While Thin Green Line is a huge success – dramatic and gripping, yet rooted in natural and authentic performances – “we are not going to do an improvised episode again for a while,” says Sen. “However, it’s really made me think differently about where we go as a continuing drama because it was a real revelation to me. The tendency of soap and continuing drama is to get bigger and bigger and bigger, with bigger stunts, bigger storylines, bigger plot, whatever. And it’s really revealed to me that actually getting smaller, revealing the detail and intimacy of character, is possibly the way to go.

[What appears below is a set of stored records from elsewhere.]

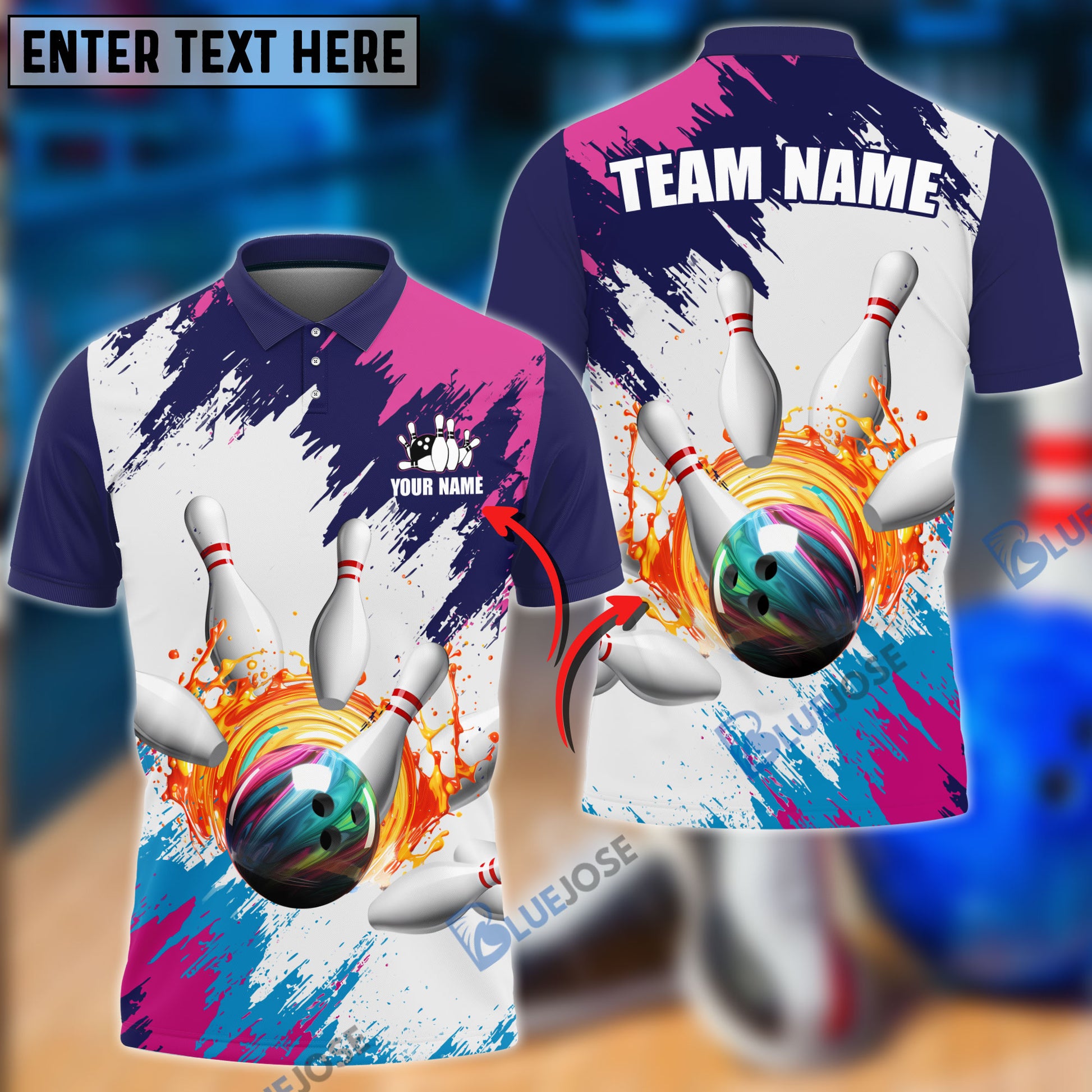 BlueJoses Bowling And Pins Blue Pink Customized Name 3D Shirt
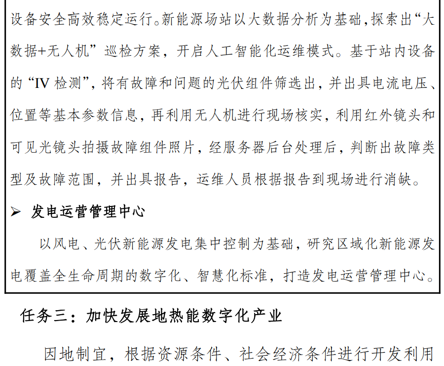《規(guī)劃》在新能源領(lǐng)域提出了5個(gè)主要任務(wù)。一是建設(shè)一批智慧場(chǎng)站。二是推進(jìn)大數(shù)據(jù)與清潔能源發(fā)展深度融合。三是加快發(fā)展地?zé)崮軘?shù)字化產(chǎn)業(yè)。四是打造新能源數(shù)字化平臺(tái)。五是發(fā)展新能源產(chǎn)業(yè)新模式,持續(xù)優(yōu)化能源結(jié)構(gòu)。
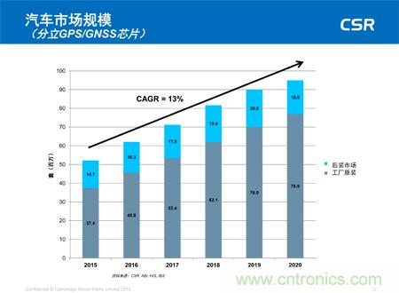 汽車市場(chǎng)規(guī)模(分立GPS/GNSS芯片)
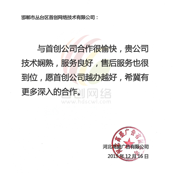 與首創(chuàng)公司合作很愉快,貴公司技術(shù)嫻熟,服務(wù)良好,售后服務(wù)也很到位,愿首創(chuàng)公司越辦越好,希冀有更多深入的合作。
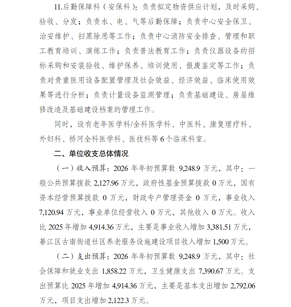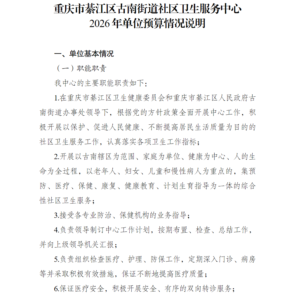 重慶市綦江區(qū)古南街道社區(qū)衛(wèi)生服務(wù)中心2026預(yù)算
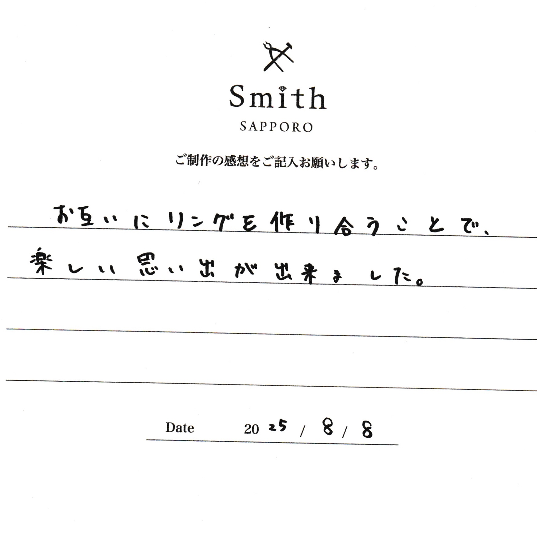 O様・O様【お互いにリングを作り合うことで楽しい思い出が出来ました】
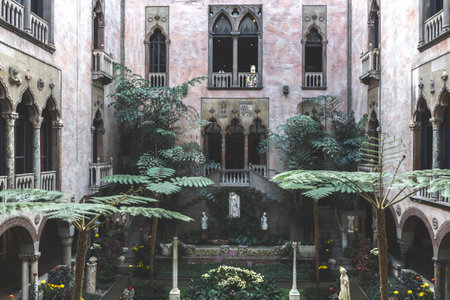 Boston, USA - October 22, 2021: View of the courtyard of Isabella Stewart Gardner Museum in Boston. It has collection of paintings, sculpture, tapestries and other art.
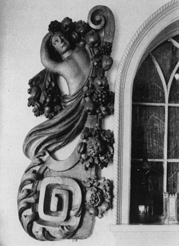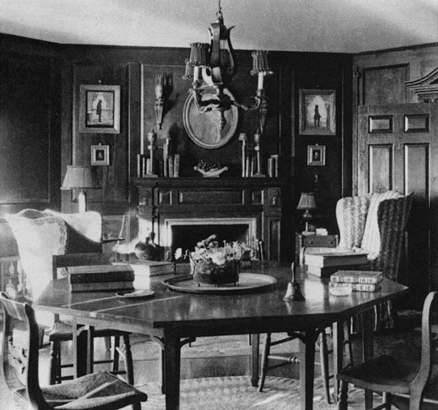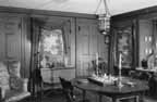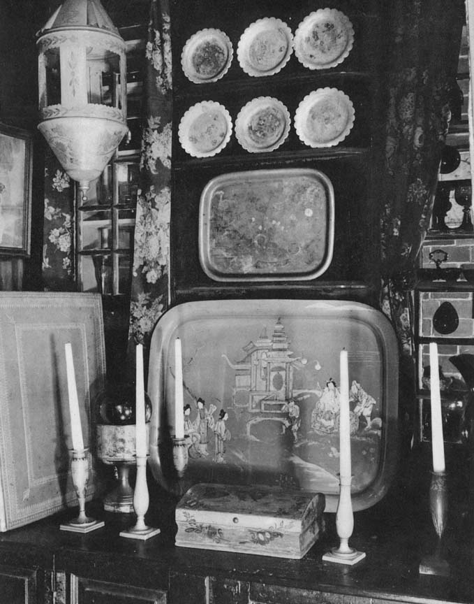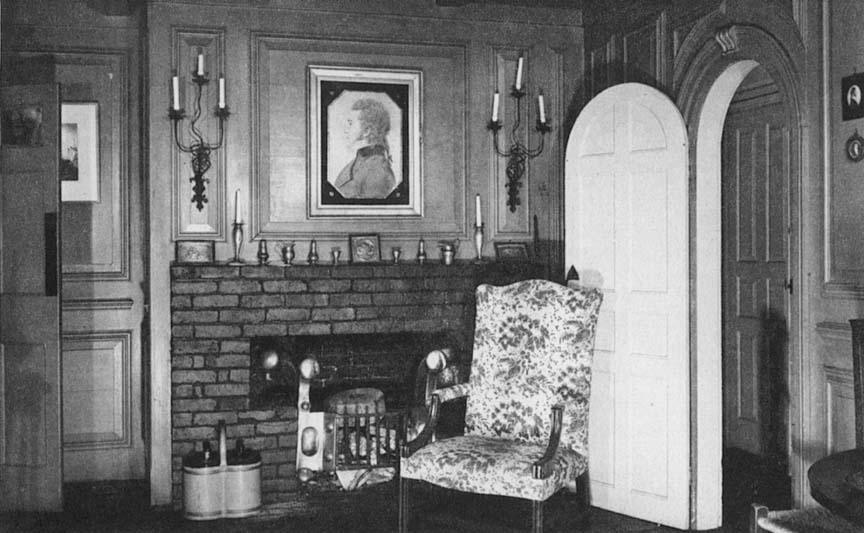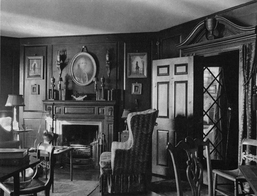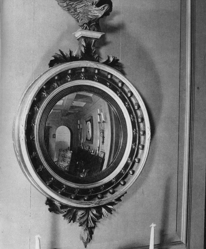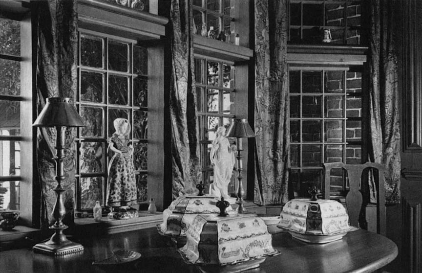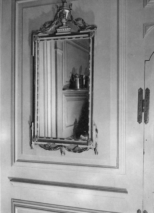 | All woodwork in this "first dining-room" is painted the green of the back of a laurel leaf, the floor is dark waxed-brick. The graceful Adam mirror picks up the copper on the ledge of the east wall. |

“I’m really aware of the drift of continuing drama. We’ve all seen the drift in soap to get ever more expansive, and that forces you to conjure slightly absurd plotting. But the real revelation is actually that perhaps our direction of travel needs to be more intimate, more characterful and much more focused on character than it is on plot.”
But that doesn’t mean Sen, who directed the one-shot episode, has ruled out pushing the boundaries of TV production further in the future.
“What I really want to deliver to an audience is a consistent quality of episodes week in, week out,” he says. “I want an audience to be hooked, coming back to Casualty for amazing stories delivered in exciting ways as part of Saturday night entertainment. These [special episodes] are great because they’ll draw an audience to a show, but to deliver consistent quality over a long period of time is the greatest challenge longform drama faces considering the competition that is now out there.”